The problem - Repeat the data that follows exactly, starting at the line with "By using these" and ending at the line with "沿著產道向上,去年經過蘇迪勒", and leave out every picture.

Task inputs -
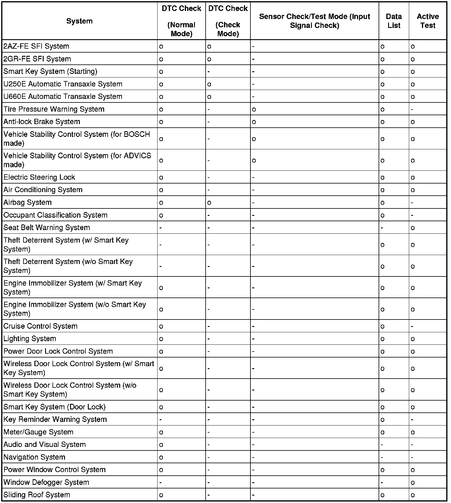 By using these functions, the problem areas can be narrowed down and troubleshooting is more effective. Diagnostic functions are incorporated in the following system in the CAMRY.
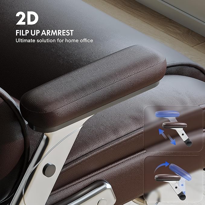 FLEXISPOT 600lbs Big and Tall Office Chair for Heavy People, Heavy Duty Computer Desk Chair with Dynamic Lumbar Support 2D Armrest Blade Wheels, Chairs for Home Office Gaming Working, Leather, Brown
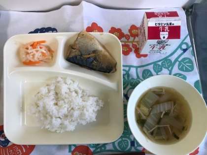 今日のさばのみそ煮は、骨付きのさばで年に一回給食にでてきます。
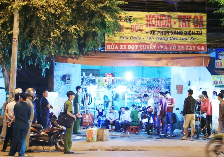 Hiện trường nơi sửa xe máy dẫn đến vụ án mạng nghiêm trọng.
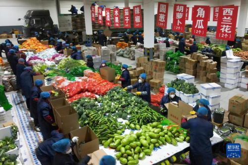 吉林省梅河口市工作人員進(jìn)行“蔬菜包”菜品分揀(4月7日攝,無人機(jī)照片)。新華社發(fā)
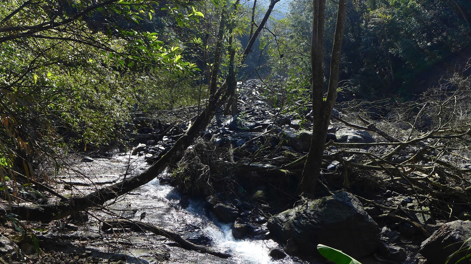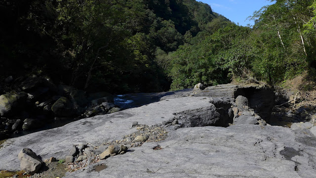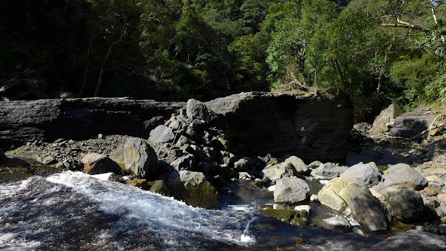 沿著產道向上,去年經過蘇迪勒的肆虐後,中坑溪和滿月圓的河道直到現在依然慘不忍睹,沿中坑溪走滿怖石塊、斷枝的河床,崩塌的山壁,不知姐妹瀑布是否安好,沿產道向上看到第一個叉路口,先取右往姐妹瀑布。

--

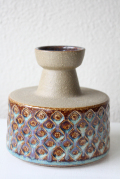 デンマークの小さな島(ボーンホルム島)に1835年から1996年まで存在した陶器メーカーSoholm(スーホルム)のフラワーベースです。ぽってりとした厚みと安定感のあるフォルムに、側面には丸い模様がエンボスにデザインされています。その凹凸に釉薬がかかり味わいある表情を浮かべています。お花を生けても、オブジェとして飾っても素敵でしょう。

Result below -
 By using these functions, the problem areas can be narrowed down and troubleshooting is more effective. Diagnostic functions are incorporated in the following system in the CAMRY.
 FLEXISPOT 600lbs Big and Tall Office Chair for Heavy People, Heavy Duty Computer Desk Chair with Dynamic Lumbar Support 2D Armrest Blade Wheels, Chairs for Home Office Gaming Working, Leather, Brown
 今日のさばのみそ煮は、骨付きのさばで年に一回給食にでてきます。
 Hiện trường nơi sửa xe máy dẫn đến vụ án mạng nghiêm trọng.
 吉林省梅河口市工作人員進(jìn)行“蔬菜包”菜品分揀(4月7日攝,無人機(jī)照片)。新華社發(fā)
 沿著產道向上,去年經過蘇迪勒的肆虐後,中坑溪和滿月圓的河道直到現在依然慘不忍睹,沿中坑溪走滿怖石塊、斷枝的河床,崩塌的山壁,不知姐妹瀑布是否安好,沿產道向上看到第一個叉路口,先取右往姐妹瀑布。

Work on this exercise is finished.